But it is only a relative miracle, since we are assured that the “singularity” is close. And tomorrow, or the day after tomorrow, it is affirmed, we will pass from deep learning AI to the synthesis of artificial consciousness…

However, another line of research seems possible, in theory.

It is a hypothesis that Kant already put forward, in a slightly provocative way.

“Our body is only the fundamental phenomenon to which, in its present state (in life), the entire power of sensibility and thus all thought is related. Separation from the body is the end of this sensitive use of one’s faculty of knowledge and the beginning of intellectual use. The body would therefore not be the cause of thought, but a merely restrictive condition of thought, and, consequently, it should be considered, without doubt, as an instrument of the sensible and animal end, but, by that very fact, as an obstacle to pure and spiritual life.”vi

Pursuing this line of research, purely intuitive it is true, one could conjecture that the brain, the human body, but also all peoples and Humanity as a whole could figure, in their own way, as immense metaphysical antennas, singular or collective, whose primary mission would be to capture the minute and diffuse signs of a supra-worldly Wisdom, of a creative Intelligence.

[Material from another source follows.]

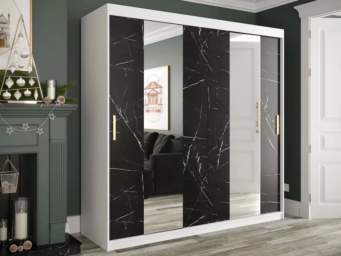 Šatní skříň 200 cm se zrcadlem CARSON 4 - černý mramor / bílá / zlatá

The greatest human geniuses would not find their ideas simply by the grace of unexpected crossings of some of their synapses, assisted by ionic exchanges. They would also be somehow « inspired » by the emanations of immense clouds of thinking thoughts, in which all living things are mysteriously immersed from the beginning.

In this hypothesis, who is really thinking then? Just synapses? Or the infinite, eternal choir of wise beings? Who will tell?

Who will say who really thinks, when I think, and when I think that I am?

I am thinking a thought that is born, that lives, and that becomes. I am thinking that thought, which never ceases to let itself think, – and from there, intuitively, I pass to the thought of a thought that would immediately precede and dispense with all thoughts; a thought that would never dispense with thinking, eternally.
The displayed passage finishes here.